Problem statement: Whatever pictures appear, omit them, and repeat the data below exactly.

Information shown:
----------------

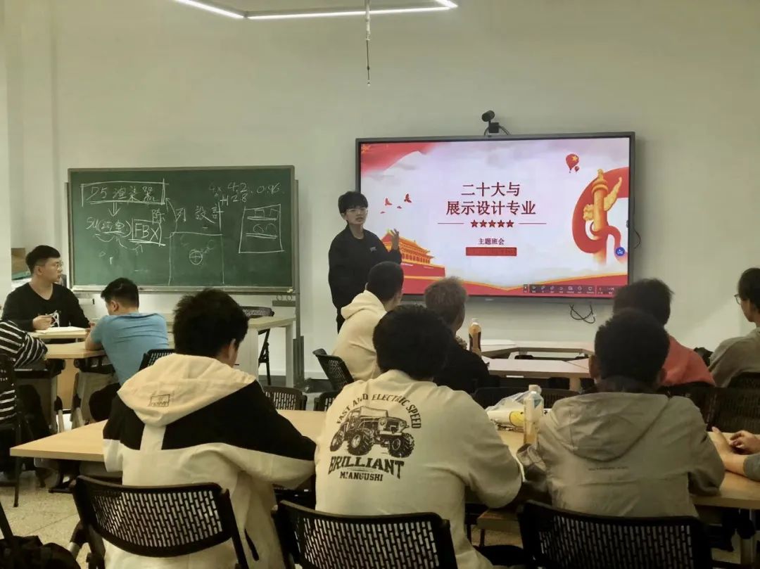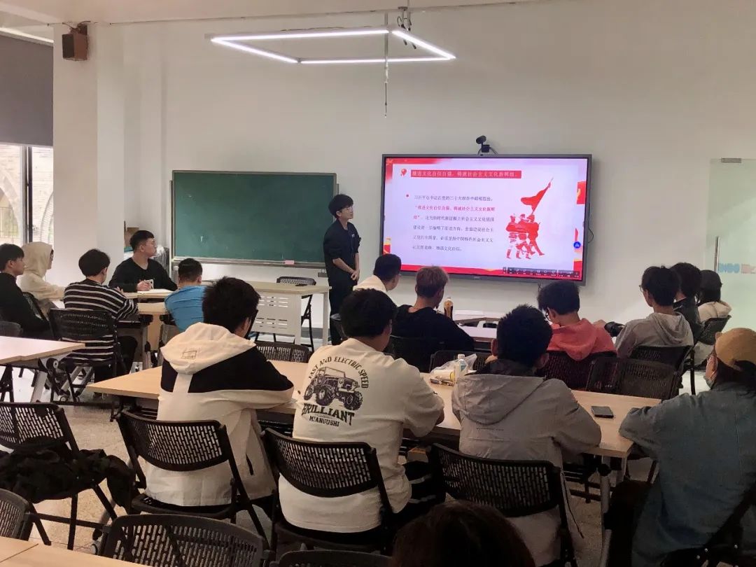 为推进文化自信自强,铸就社会主义文化新辉煌。4月27日下午,在忘荃2039开展《二十大与展示设计》主题班会活动。此次班会活动由胡迪文老师主讲,校团委组织部冯卓老师和全体辅导员参加此次班会。
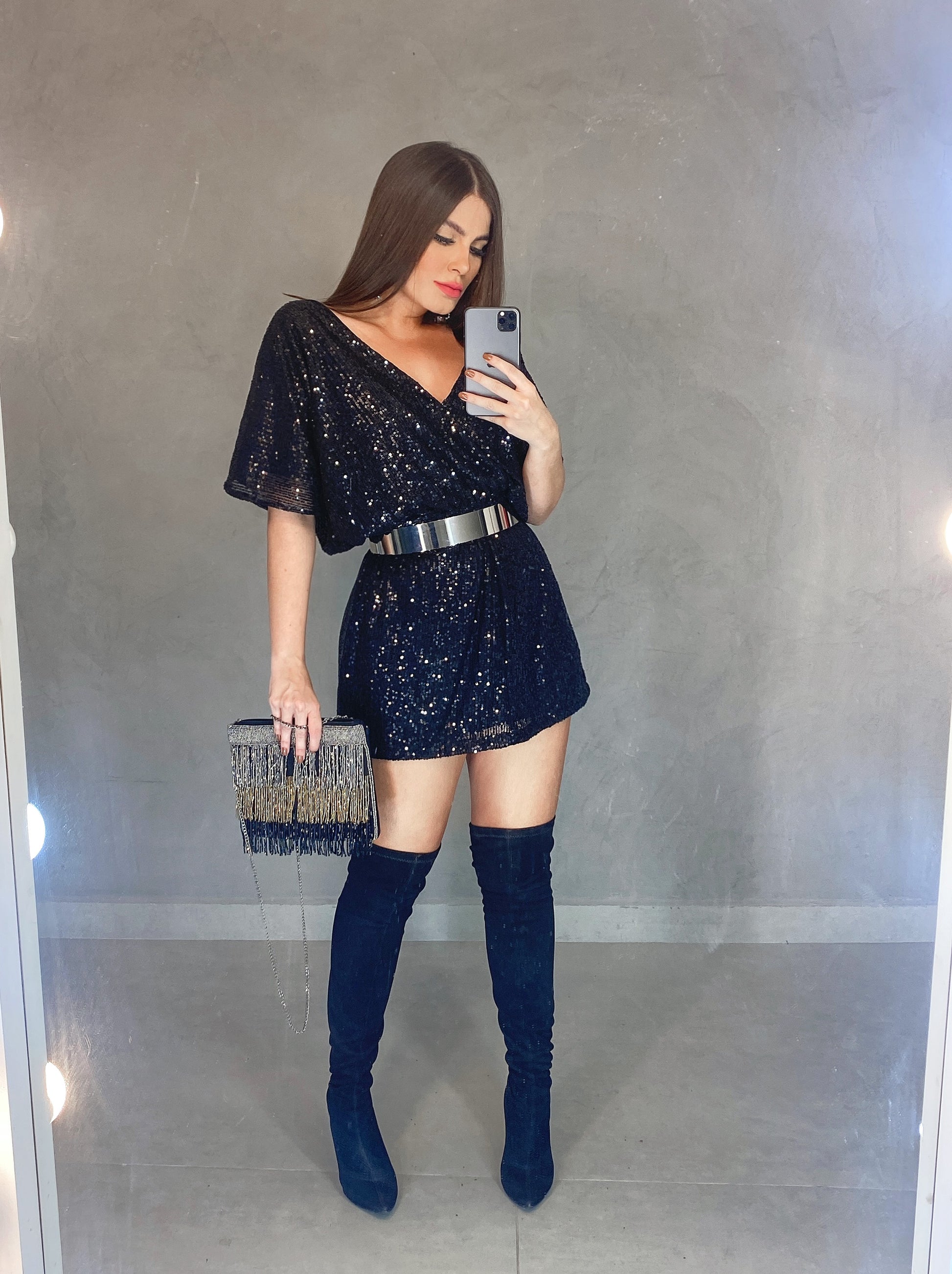 Confeccionado com tecido paetês, acompanha faixa no mesmo tecido para amarração para delinear a cintura .
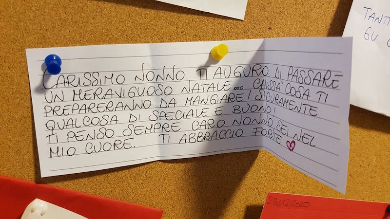 Da Casa di Marta sono state tante le videochiamate tra gli ospiti e i loro parenti durante le festività. Sulle tute di protezione gli operatori hanno dipinto immagini natalizie e fuori dal cancello della struttura è stata posizionata una cassetta colorata per raccogliere pensieri e messaggi dei passanti rivolti ai nonni. Sono stati numerosi i biglietti di auguri, le foto e le dimostrazioni di affetto e vicinanza.
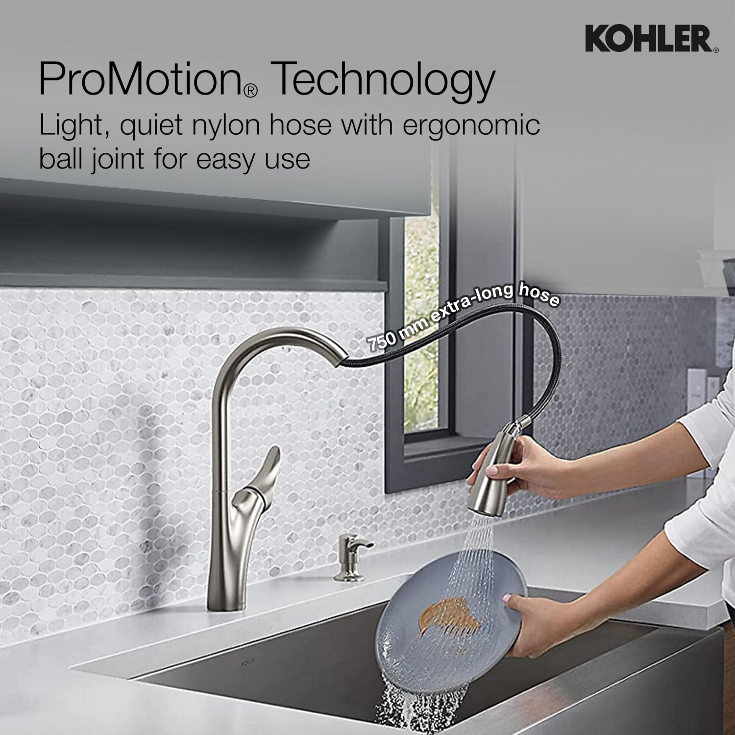 - ProMotion technology allows the pull-down sprayhead to swivel for more comfortable use

----------------

Answer to the problem:
 为推进文化自信自强,铸就社会主义文化新辉煌。4月27日下午,在忘荃2039开展《二十大与展示设计》主题班会活动。此次班会活动由胡迪文老师主讲,校团委组织部冯卓老师和全体辅导员参加此次班会。
 Confeccionado com tecido paetês, acompanha faixa no mesmo tecido para amarração para delinear a cintura .
 Da Casa di Marta sono state tante le videochiamate tra gli ospiti e i loro parenti durante le festività. Sulle tute di protezione gli operatori hanno dipinto immagini natalizie e fuori dal cancello della struttura è stata posizionata una cassetta colorata per raccogliere pensieri e messaggi dei passanti rivolti ai nonni. Sono stati numerosi i biglietti di auguri, le foto e le dimostrazioni di affetto e vicinanza.
 - ProMotion technology allows the pull-down sprayhead to swivel for more comfortable use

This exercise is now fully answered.